With the pictures left out, copy the records below exactly from the first line down to the line holding "Nous utilisons du", and include that line.

[Opening RECORD SET section]

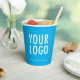 Easily personalize our 8 ounce paper cups with your business logo and custom text. These FDA approved paper cups are for cold and hot drinks. The dimensions for the 8 oz cups are 3.75 inch x 3 inch. Available with or without lids. Also available in 12 oz size. Designed in sky blue and other colors (all colors are customizable). Sold in sets of 8. Low minimum order quantity and no setup fee. Printed in the U.S.A.
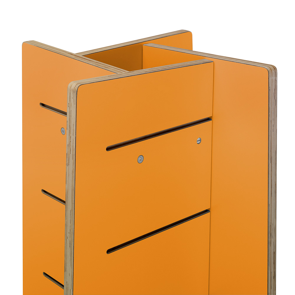Nous utilisons du contreplaqué de bouleau – ici avec les bords visibles – pour créer une surface à la fois durable et robuste. Idéal pour les environnements de bibliothèque les plus exigeants !
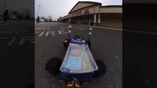 Мушкарац у Сједињеним Државама користи мали ауто на даљинско управљање, да купи храну за своју рибу из продавнице. Смешни мали аутомобил има мала колица са преклопним поклопцем позади, [...]
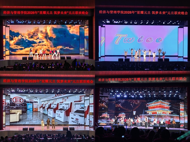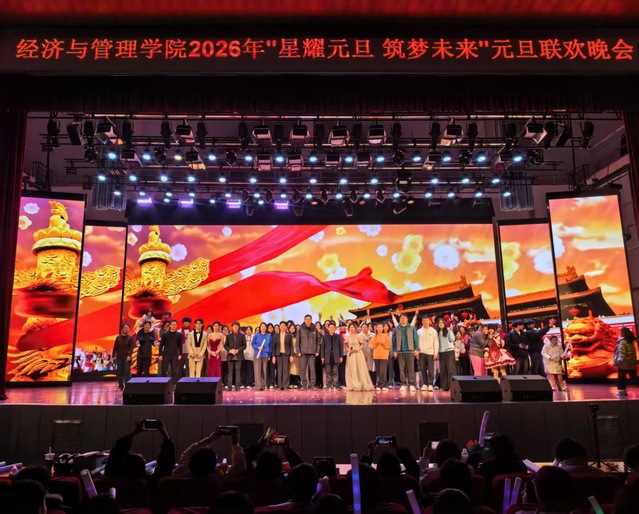 星耀元旦启新程,同心筑梦向未来。12月27日晚,经济与管理学院在东风校区大礼堂隆重举办2026年“星耀元旦 筑梦未来”元旦联欢晚会,学院领导、教职工与同学们欢聚一堂,共迎新年。现场洋溢着喜庆祥和、青春奋进的浓厚氛围。
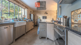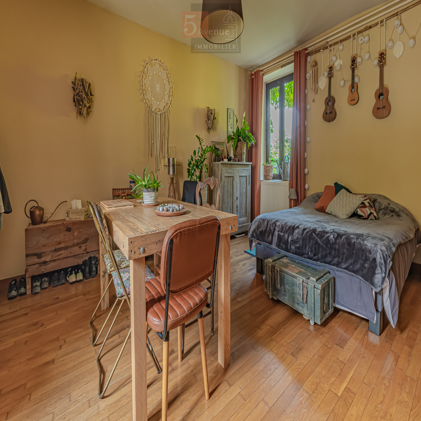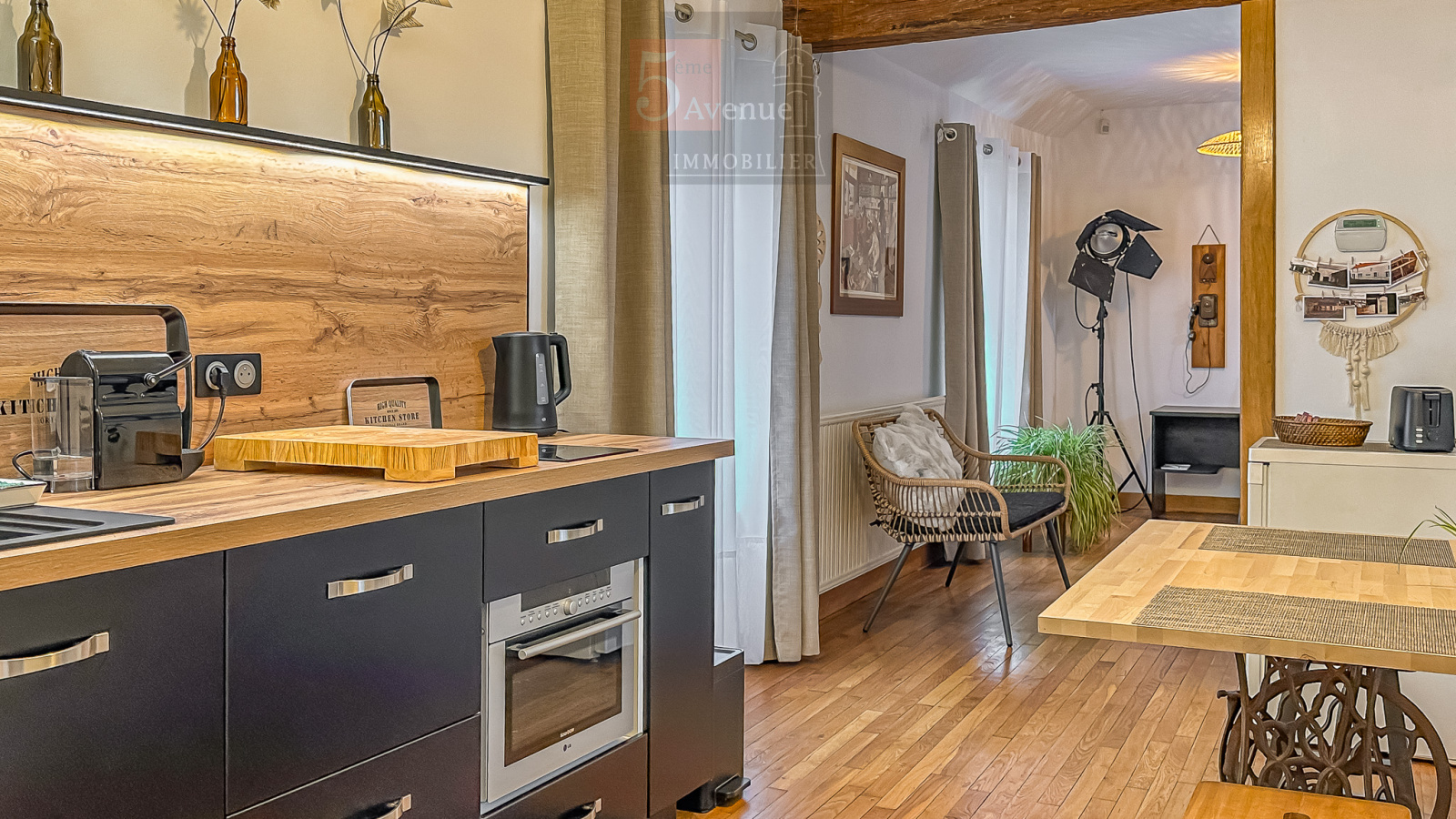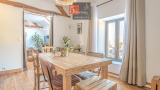 La première partie de l’habitation accueille, en rez-de-chaussée, une spacieuse salle à manger ouverte sur une cuisine fonctionnelle, prolongée par une arrière-cuisine.
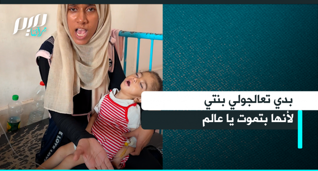 والدة الطفلة الفلسطينية "مريم" التي تعاني من سوء تغذية حاد، وفقر دم شديد، ونقص في الصفائح الدموية وكريات الدم البيضاء، وتشنجات عصبية متكررة وأكثر من خمس مشاكل أخرى تتحدث عن مأستها لمجلة ميم.
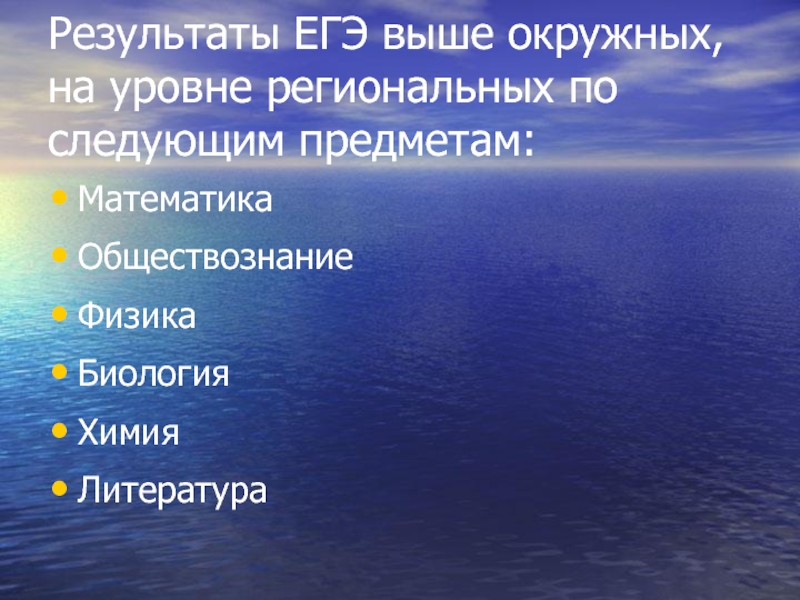 Слайд 6Результаты ЕГЭ выше окружных, на уровне региональных по следующим предметам:
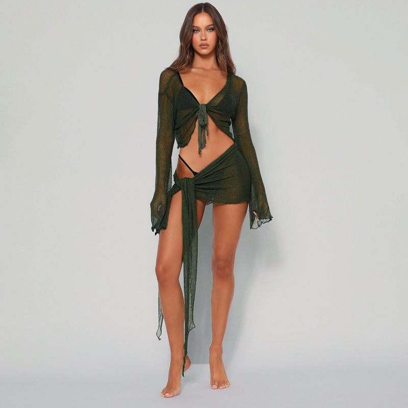 유럽과 미국 의류 2025 새로운 여름 스타일 약간 반투명 스트랩 메쉬 긴팔 가슴 탑 캐주얼 스커트 정장 도매

[Closing RECORD SET section]

SOLUTION FOR THIS TASK
 Easily personalize our 8 ounce paper cups with your business logo and custom text. These FDA approved paper cups are for cold and hot drinks. The dimensions for the 8 oz cups are 3.75 inch x 3 inch. Available with or without lids. Also available in 12 oz size. Designed in sky blue and other colors (all colors are customizable). Sold in sets of 8. Low minimum order quantity and no setup fee. Printed in the U.S.A.
Nous utilisons du contreplaqué de bouleau – ici avec les bords visibles – pour créer une surface à la fois durable et robuste. Idéal pour les environnements de bibliothèque les plus exigeants !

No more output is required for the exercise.